(Items listed in a dataset)
==============================
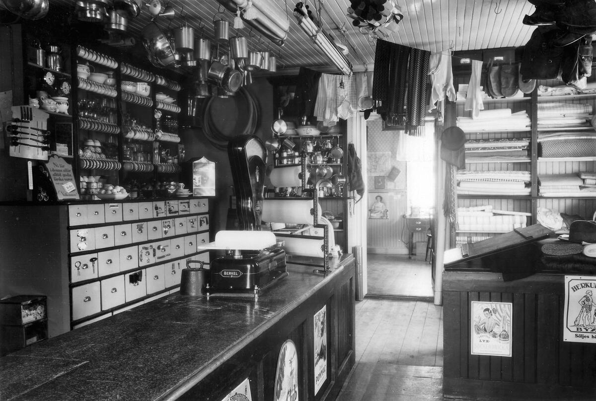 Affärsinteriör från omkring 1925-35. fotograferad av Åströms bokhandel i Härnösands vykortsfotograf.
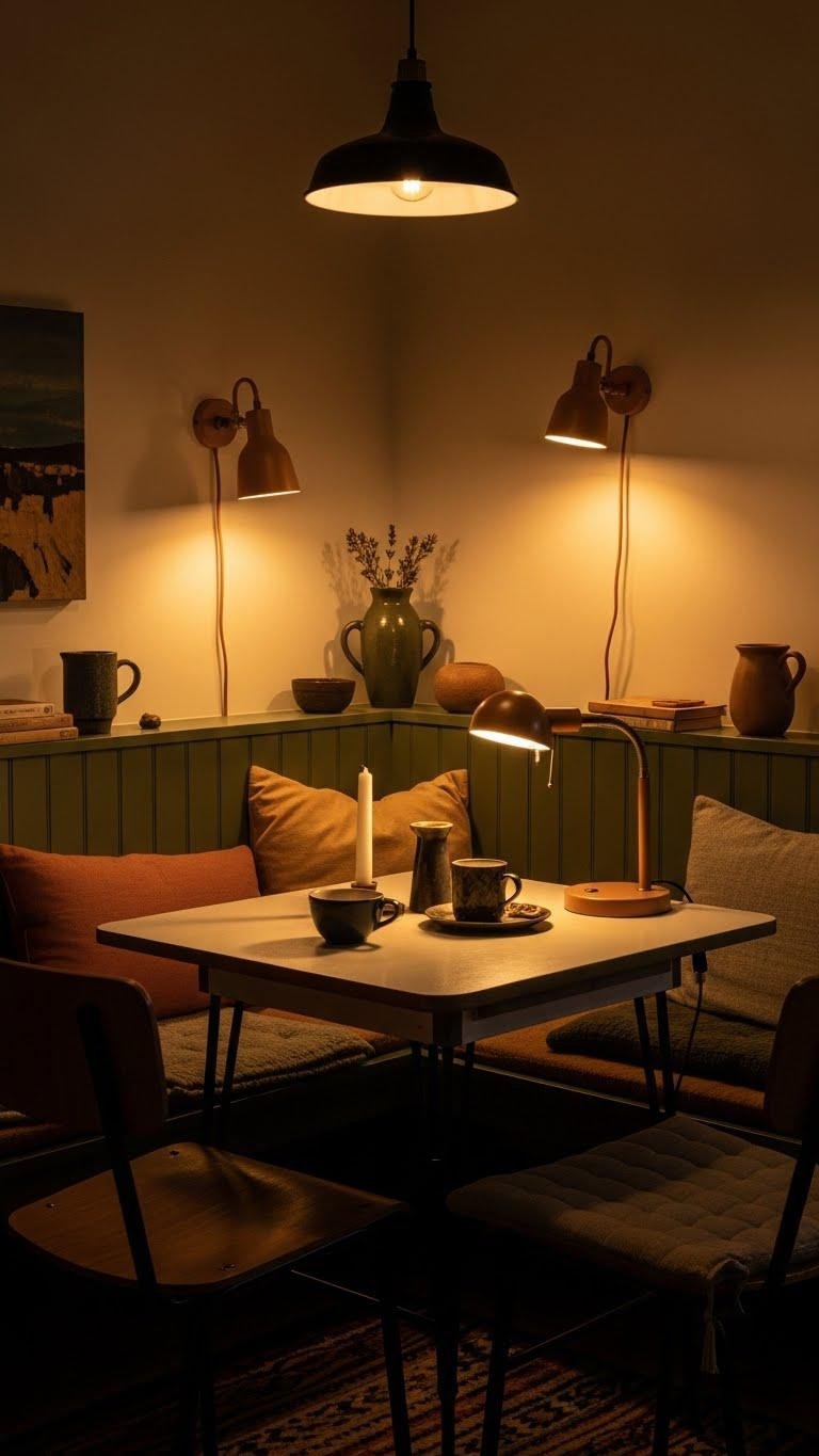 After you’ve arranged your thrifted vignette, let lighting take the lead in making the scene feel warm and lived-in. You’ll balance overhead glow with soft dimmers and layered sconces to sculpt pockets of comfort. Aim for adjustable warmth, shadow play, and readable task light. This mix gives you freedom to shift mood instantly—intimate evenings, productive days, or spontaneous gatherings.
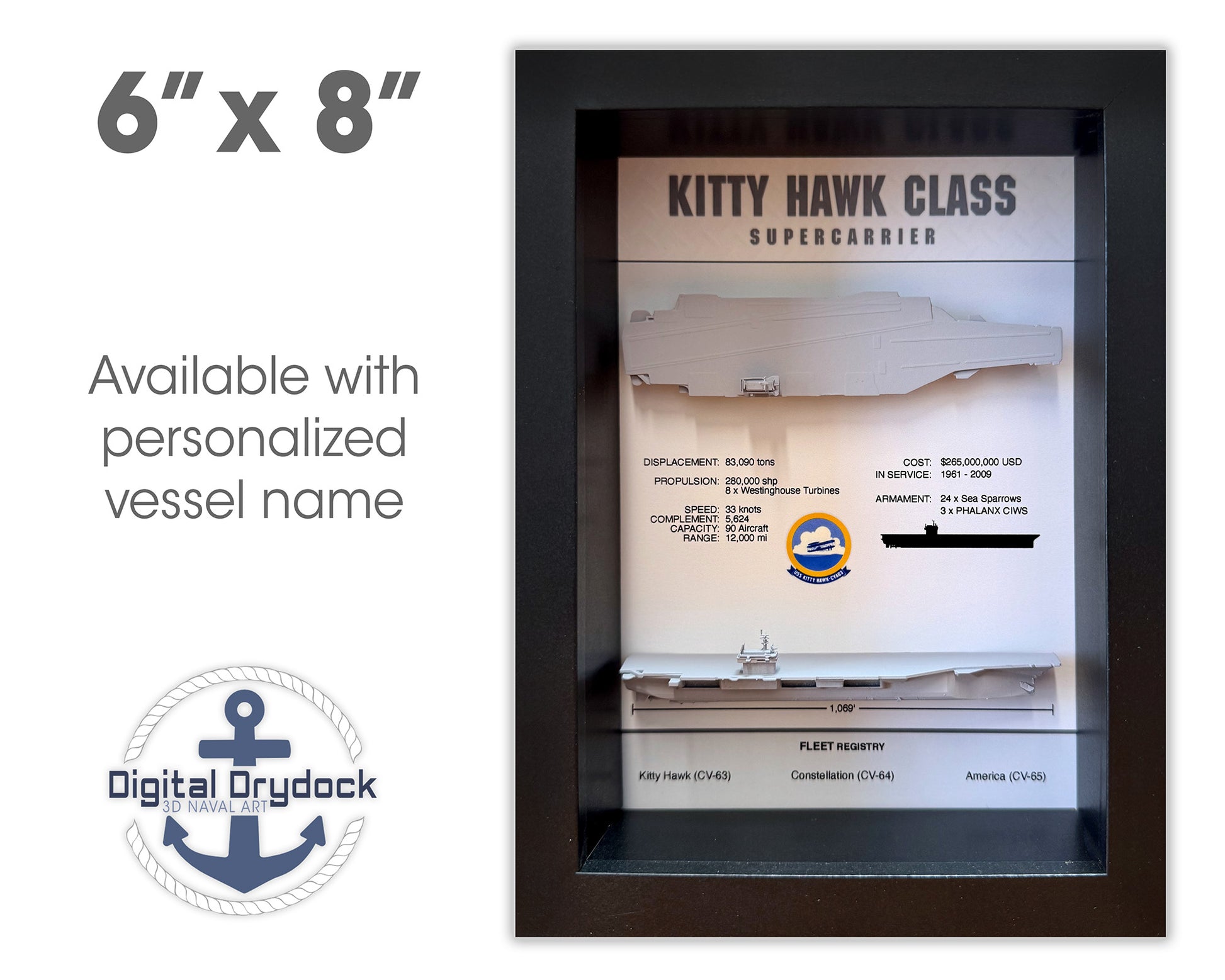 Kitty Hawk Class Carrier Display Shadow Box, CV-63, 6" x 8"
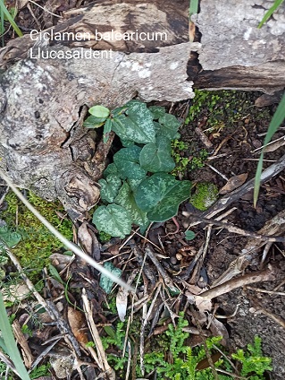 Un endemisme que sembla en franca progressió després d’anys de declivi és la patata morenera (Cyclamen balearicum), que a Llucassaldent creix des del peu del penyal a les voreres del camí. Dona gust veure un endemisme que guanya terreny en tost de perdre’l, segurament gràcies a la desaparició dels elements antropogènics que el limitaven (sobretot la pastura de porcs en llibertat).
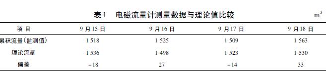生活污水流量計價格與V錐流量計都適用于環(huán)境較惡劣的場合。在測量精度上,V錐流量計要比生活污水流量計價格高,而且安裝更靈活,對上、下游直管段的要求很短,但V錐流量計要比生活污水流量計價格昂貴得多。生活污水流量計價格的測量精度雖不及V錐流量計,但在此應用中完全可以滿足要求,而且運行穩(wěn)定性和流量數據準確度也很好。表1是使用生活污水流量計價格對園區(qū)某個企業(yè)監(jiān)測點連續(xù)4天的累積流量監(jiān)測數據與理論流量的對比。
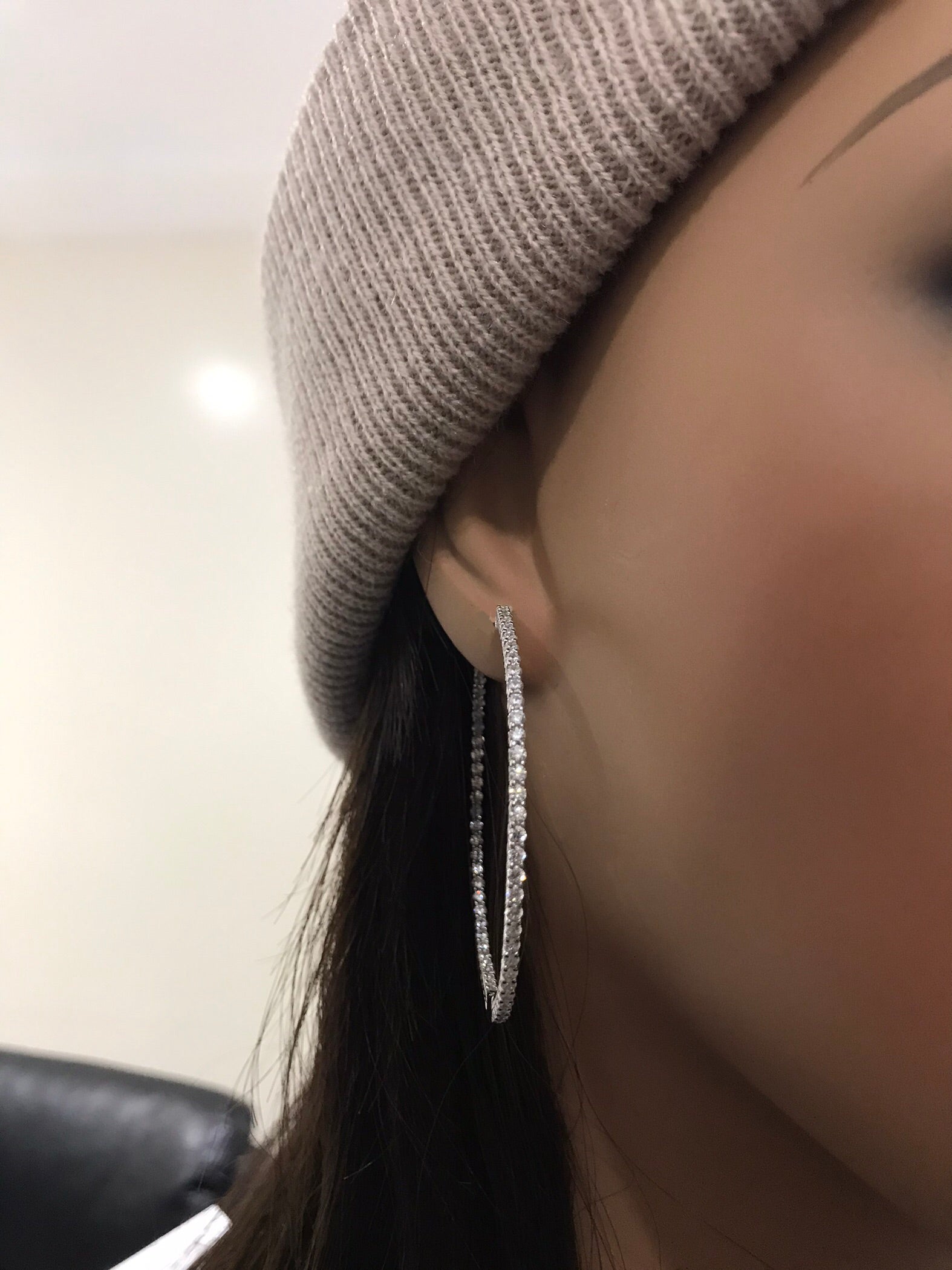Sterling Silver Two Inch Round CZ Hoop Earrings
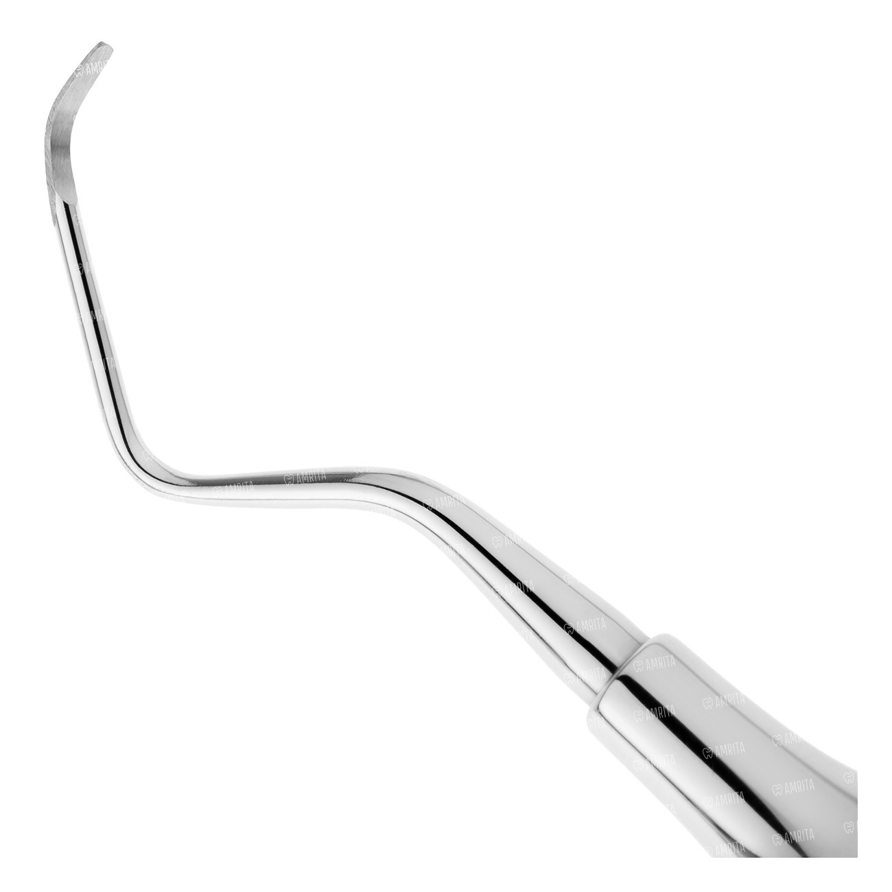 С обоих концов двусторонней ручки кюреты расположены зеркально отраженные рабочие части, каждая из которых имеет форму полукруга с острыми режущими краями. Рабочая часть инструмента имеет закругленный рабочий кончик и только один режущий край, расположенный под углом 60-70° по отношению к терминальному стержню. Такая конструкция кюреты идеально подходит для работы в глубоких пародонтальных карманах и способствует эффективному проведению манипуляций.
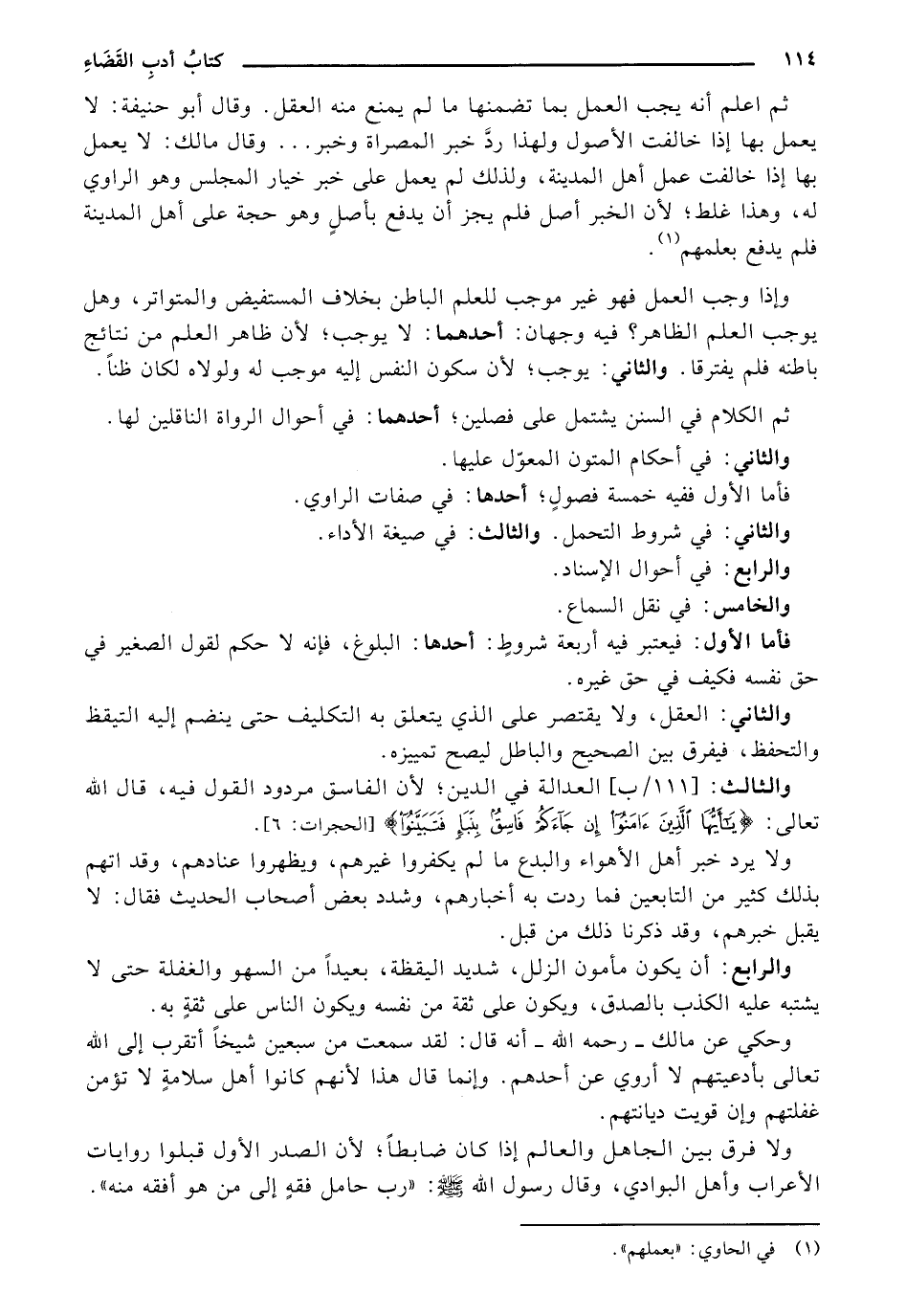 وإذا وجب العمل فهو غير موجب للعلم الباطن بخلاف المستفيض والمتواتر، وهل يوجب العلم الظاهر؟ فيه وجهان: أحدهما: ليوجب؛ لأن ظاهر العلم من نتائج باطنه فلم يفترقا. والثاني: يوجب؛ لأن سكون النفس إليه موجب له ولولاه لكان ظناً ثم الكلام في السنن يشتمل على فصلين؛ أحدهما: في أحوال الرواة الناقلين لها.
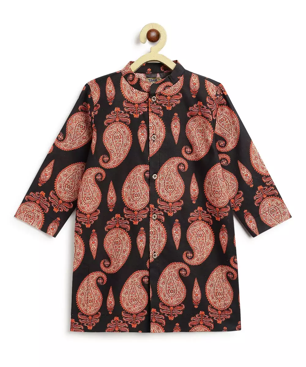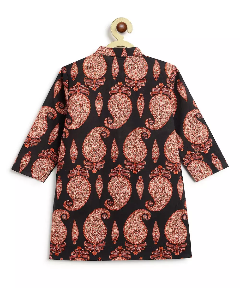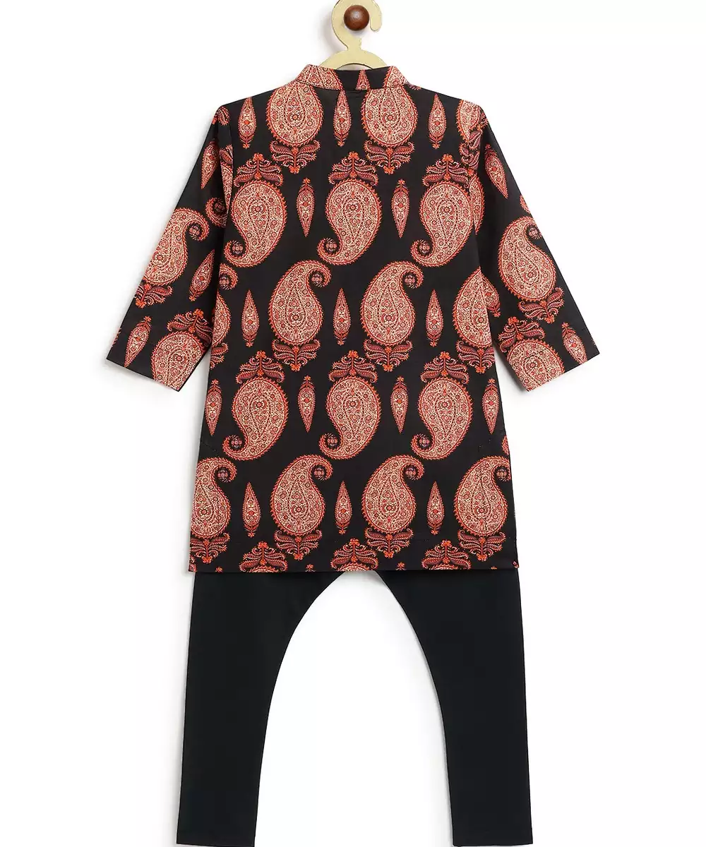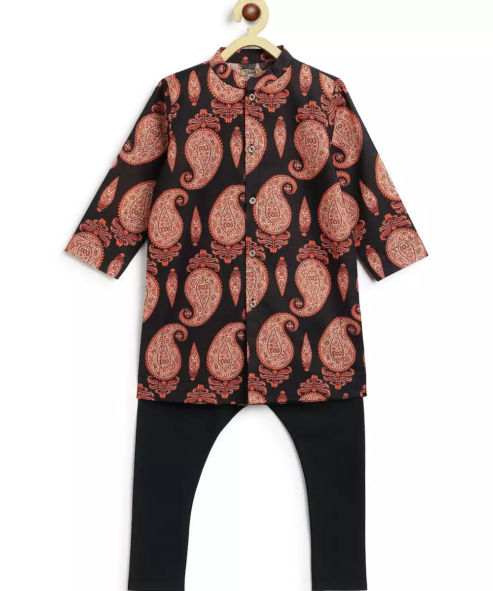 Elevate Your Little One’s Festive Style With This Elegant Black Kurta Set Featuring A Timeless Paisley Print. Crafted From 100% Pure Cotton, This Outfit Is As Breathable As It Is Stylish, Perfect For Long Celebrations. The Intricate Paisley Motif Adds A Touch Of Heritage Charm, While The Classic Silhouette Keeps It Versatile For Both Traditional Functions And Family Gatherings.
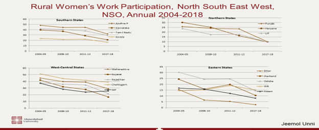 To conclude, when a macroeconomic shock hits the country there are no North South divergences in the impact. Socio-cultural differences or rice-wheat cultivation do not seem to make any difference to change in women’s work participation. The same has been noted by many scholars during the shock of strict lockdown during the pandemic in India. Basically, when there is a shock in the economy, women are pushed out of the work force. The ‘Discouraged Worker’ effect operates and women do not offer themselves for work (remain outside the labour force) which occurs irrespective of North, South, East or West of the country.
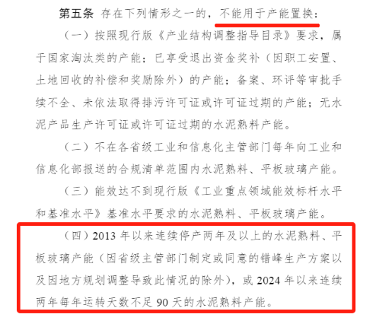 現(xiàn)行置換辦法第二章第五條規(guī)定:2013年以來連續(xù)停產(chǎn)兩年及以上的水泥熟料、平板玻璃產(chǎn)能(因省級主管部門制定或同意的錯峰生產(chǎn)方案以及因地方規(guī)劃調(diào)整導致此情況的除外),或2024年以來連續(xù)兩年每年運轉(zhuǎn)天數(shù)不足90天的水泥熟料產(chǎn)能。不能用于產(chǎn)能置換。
==============================
**Exercise prompt**
Look above for the line with "Un endemisme que sembla" and the line with "Elevate Your Little", then restate exactly those two lines and all lines between them, with no pictures.

**Answer space**
 Un endemisme que sembla en franca progressió després d’anys de declivi és la patata morenera (Cyclamen balearicum), que a Llucassaldent creix des del peu del penyal a les voreres del camí. Dona gust veure un endemisme que guanya terreny en tost de perdre’l, segurament gràcies a la desaparició dels elements antropogènics que el limitaven (sobretot la pastura de porcs en llibertat).
生活污水流量計價格與V錐流量計都適用于環(huán)境較惡劣的場合。在測量精度上,V錐流量計要比生活污水流量計價格高,而且安裝更靈活,對上、下游直管段的要求很短,但V錐流量計要比生活污水流量計價格昂貴得多。生活污水流量計價格的測量精度雖不及V錐流量計,但在此應用中完全可以滿足要求,而且運行穩(wěn)定性和流量數據準確度也很好。表1是使用生活污水流量計價格對園區(qū)某個企業(yè)監(jiān)測點連續(xù)4天的累積流量監(jiān)測數據與理論流量的對比。
Sterling Silver Two Inch Round CZ Hoop Earrings
 С обоих концов двусторонней ручки кюреты расположены зеркально отраженные рабочие части, каждая из которых имеет форму полукруга с острыми режущими краями. Рабочая часть инструмента имеет закругленный рабочий кончик и только один режущий край, расположенный под углом 60-70° по отношению к терминальному стержню. Такая конструкция кюреты идеально подходит для работы в глубоких пародонтальных карманах и способствует эффективному проведению манипуляций.
 وإذا وجب العمل فهو غير موجب للعلم الباطن بخلاف المستفيض والمتواتر، وهل يوجب العلم الظاهر؟ فيه وجهان: أحدهما: ليوجب؛ لأن ظاهر العلم من نتائج باطنه فلم يفترقا. والثاني: يوجب؛ لأن سكون النفس إليه موجب له ولولاه لكان ظناً ثم الكلام في السنن يشتمل على فصلين؛ أحدهما: في أحوال الرواة الناقلين لها.
 Elevate Your Little One’s Festive Style With This Elegant Black Kurta Set Featuring A Timeless Paisley Print. Crafted From 100% Pure Cotton, This Outfit Is As Breathable As It Is Stylish, Perfect For Long Celebrations. The Intricate Paisley Motif Adds A Touch Of Heritage Charm, While The Classic Silhouette Keeps It Versatile For Both Traditional Functions And Family Gatherings.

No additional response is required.